Dallabrida Giuseppe Angelico*
DALLABRIDA GIUSEPPE ANGELICO
Caldonazzo (Trento) 1874 - Mezzolombardo (Trento) 1959
Nel paese natale Dallabrida apprese a dipingere frequentando assiduamente E. Prati; a vent’anni passò nella non lontana Arco, dove proseguì gli studi con il disegnatore Moser. Trasferitosi a Milano fu allievo di F. Carcano; in seguito, a Venezia frequentò l’Accademia e il gruppo di Ca’ Pesaro. La sua pittura, vicina alle suggestioni postimpressioniste della scuola di Burano, assunse con il tempo forme originali per l'uso di tecniche inusuali. Le sue opere più conosciute rappresentano paesaggi alpini, con soggetti ripetuti ossessivamente e colti in differenti ore della giornata (Lago alpino, Trento, Museo d'Arte Moderna e Contemporanea di Trento e Rovereto).
Dago Gaudenzio*
DAGO GAUDENZIO
Rimella (Vercelli) 1821 o 1822 - Novara 1865 o 1866
Si formò probabilmente presso la Scuola di Disegno di Varallo e concentrò la sua attività, svoltasi fra Valessi e il Novarese, nella pittura religiosa e nel ritratto. Dal 1859 al 1862 affrescò a Novara il coro e il presbiterio della chiesa della SS. Trinità detta del Monserrato (Educazione di Maria Vergine, Visitazione, Presentazione di Gesù al Tempio). All’artista sono anche attribuite opere nella Parrocchiale di Rimella (San Michele, Gesù che porta la Croce), nell’oratorio della frazione di Villa Superiore (San Bernardo da Mentone, Autoritratto) e il Ritratto di Vittorio Emanuele II presso la Società d'Incoraggiamento di Varallo.
Dagnini Mario*
DAGNINI MARIO
Attivo a Bologna nella seconda metà del XIX secolo
Sono scarsissime le notizie su questo artista, che pare si sia dedicato prevalentemente alla pittura di storia e del quale è ricordato un Assassinio di Cesare. Fu professore di ornato presso l’istituto di Belle Arti di Bologna e si ha notizia di una sua premiazione nel 1908 al concorso per il salone del Palazzo del Podestà del capoluogo emiliano.
D'Afflitto Giuseppe*
D’AFFLITTO GIUSEPPE
Attivo a Napoli fra il 1859 e il 1881
L’artista fu allievo dell’Accademia di Belle Arti di Napoli dove nel 1859 seguiva i corsi di G. Mancinelli (Testa di Ajace, presentato alla Mostra Borbonica del 1859).
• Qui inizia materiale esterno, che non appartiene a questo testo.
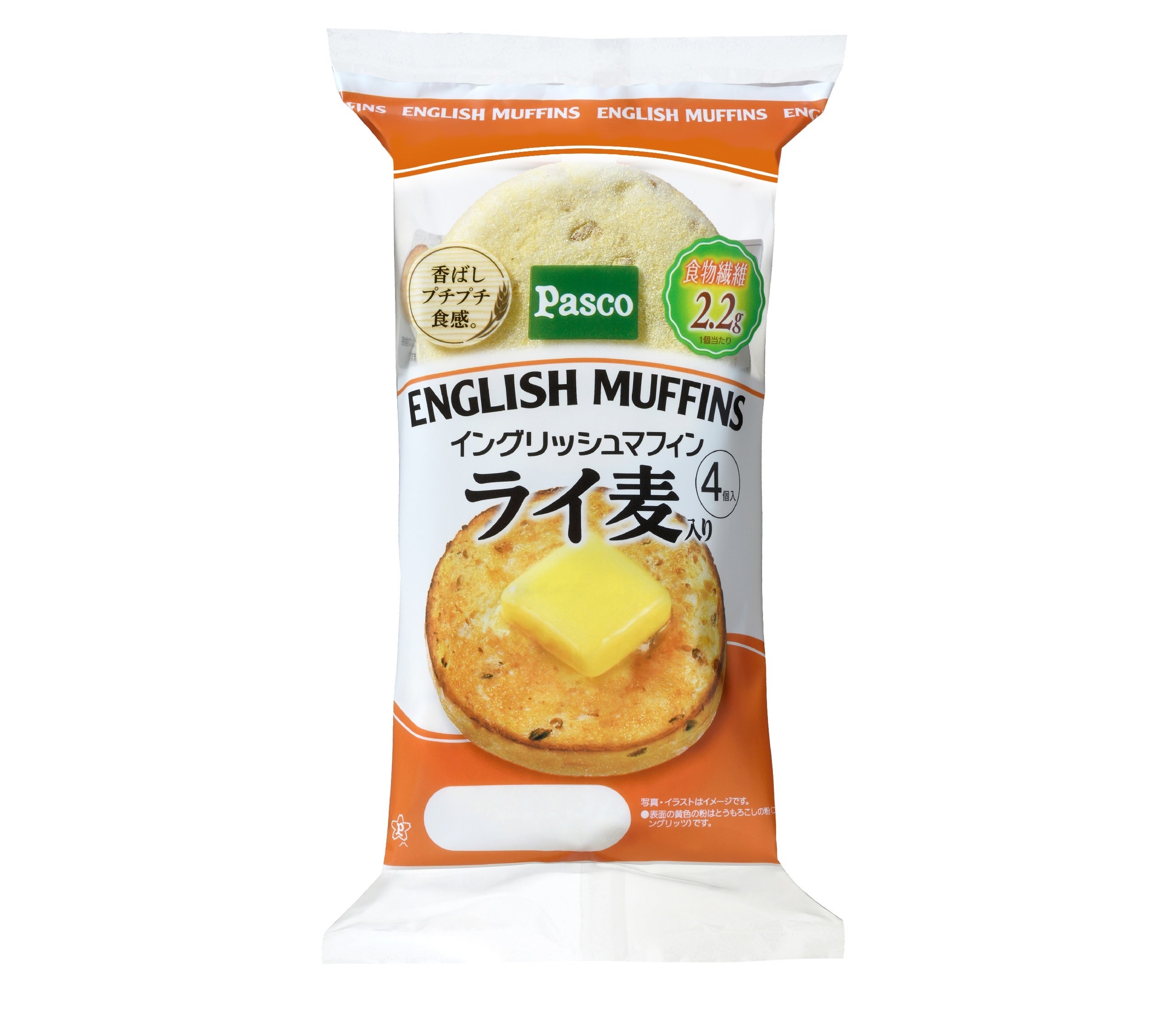 小麦とライ麦の粒をまるごと挽いた胚芽やふすま等を含む全粒粉を使用し、全粒粉の香ばしさや自然な甘みをお楽しみいただけるイングリッシュマフィンです。

Già socio nel 1867 della Promotrice Salvator Rosa, vi esponeva nello stesso anno la tela Andrea Contarini s'avanza verso il Palazzo Ducale per pugnalare il Doge Francesco Foscari.In seguito l’artista alternò i soggetti di matrice storico-letteraria ai quadri di figura e di tema popolare, che presentò a Napoli (1875, Un sartorello, Un pinzochero; 1876, Giotto e l'inviato di Benedetto IX; 1881, Una lettura piacevole) e a Roma (1877).
Cutrona Francesco*
CUTRONA FRANCESCO
Attivo in Sicilia nella prima metà del XIX secolo
Forse di origine trapanese, eseguì affreschi nella chiesa di San Francesco di Paola (1807) e nel Palazzo Monteleone (1812) a Castelvetrano. A Trapani, dove insegnò nella Scuola di Arti e Mestieri, Cutrona affrescò il catino absidale della chiesa del Carminello. Nella stessa città viene anche ricordato un suo dipinto, posteriore al 1821 e rappresentante il trasporto della statua di sant’Alberto, un tempo collocata nell’omonima cappella all’Annunziata.
Cussetti Carlo*
CUSSETTI CARLO
Torino 1866 - ?
Allievo di E. Gamba all’Accademia Albertina di Torino, si dedicò all’arte decorativa, alla litografia e al restauro dei dipinti, operando, in quest’ultima veste, per la Pinacoteca torinese. Nel 1887, a Roma, Cussetti collaborò con R. Morgari nella decorazione di una sala del Quirinale. A Torino, all'inizio del secolo,realizzò decorazioni ed eseguì restauri nel Palazzo Reale, nel castello Savoia a Gressoney, e lasciò opere a fresco all’interno di palazzi signorili, spesso sedi di grandi società, come la sala del Consiglio del giornale La Gazzetta del Popolo.